### Data block
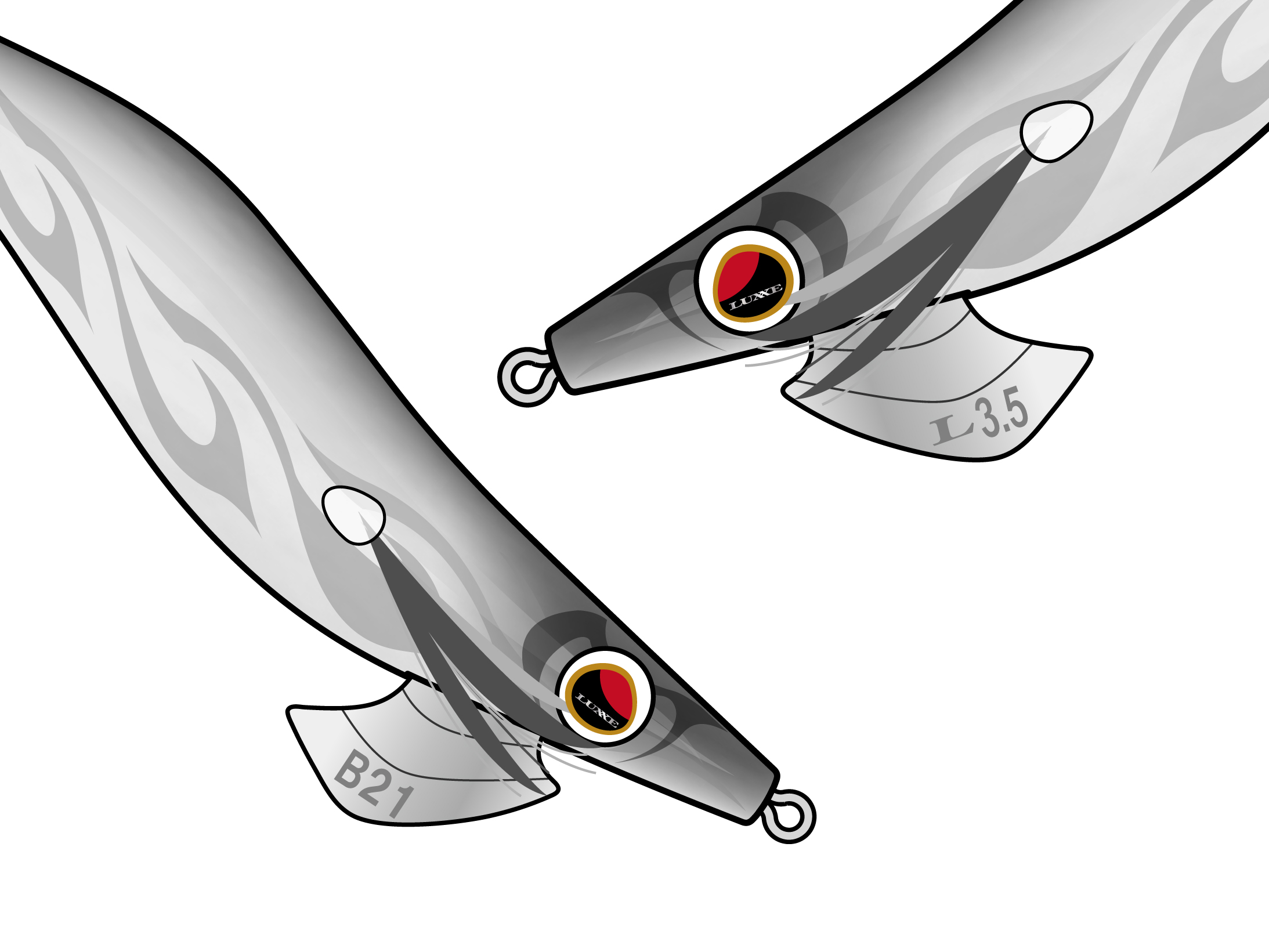 斧(おの)の形をモチーフにした「アックスシンカー」は、適度に水流を受けつつも復元力を持たせた形状。本体の中心軸からできるだけ離れた位置に重心を確保できるよう、シンカー中央部を削り、斧の刃に当たる部分を太く設計することで低重心のバランスを実現。さらに、シンカーの正面を削り、面を持たせたことで、惰性によるムダな移動を防ぐことに成功しました。現場で迷わないよう、シンカーに重量や号数を表記しており、素早いローテーションが可能です。(L3.5はラグゼ3.5号、B21はベーシックモデル21gの意味)。
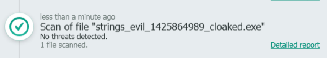 This product successfully detected all four uncloaked test files. I successfully evaded detection for strings_evil.exe and vdmallowed.exe using default settings.
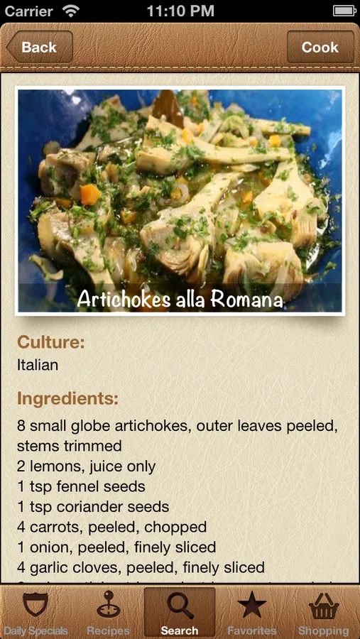 "Recipes" classifies the recipes from different countries and cultures: African, American, Caribbean, Chinese, East European, French, Greek, Indian, Italian, Japanese, Mexican, Middle Eastern, Northern Europe, South American, Southeast Asian, Spanish etc. Each recipe, you can view the details such as: culture, ingredients, method and tips.
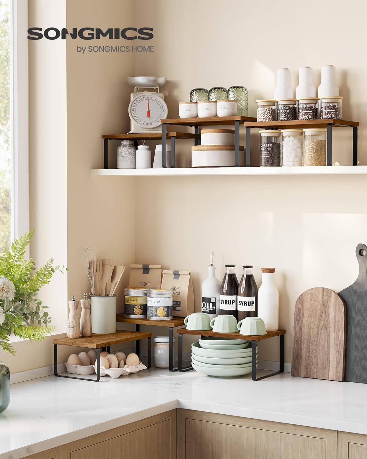• 【MULTIPURPOSE USE】Not just for the kitchen! Use these kitchen counter shelves to elevate your dining table centerpiece in the restaurant, organize makeup on your bedroom desk, or store toiletries in the bathroom

### Work request
Line by line, write out the material exactly, leaving the images out.

### Written response
 斧(おの)の形をモチーフにした「アックスシンカー」は、適度に水流を受けつつも復元力を持たせた形状。本体の中心軸からできるだけ離れた位置に重心を確保できるよう、シンカー中央部を削り、斧の刃に当たる部分を太く設計することで低重心のバランスを実現。さらに、シンカーの正面を削り、面を持たせたことで、惰性によるムダな移動を防ぐことに成功しました。現場で迷わないよう、シンカーに重量や号数を表記しており、素早いローテーションが可能です。(L3.5はラグゼ3.5号、B21はベーシックモデル21gの意味)。
 This product successfully detected all four uncloaked test files. I successfully evaded detection for strings_evil.exe and vdmallowed.exe using default settings.
 "Recipes" classifies the recipes from different countries and cultures: African, American, Caribbean, Chinese, East European, French, Greek, Indian, Italian, Japanese, Mexican, Middle Eastern, Northern Europe, South American, Southeast Asian, Spanish etc. Each recipe, you can view the details such as: culture, ingredients, method and tips.
• 【MULTIPURPOSE USE】Not just for the kitchen! Use these kitchen counter shelves to elevate your dining table centerpiece in the restaurant, organize makeup on your bedroom desk, or store toiletries in the bathroom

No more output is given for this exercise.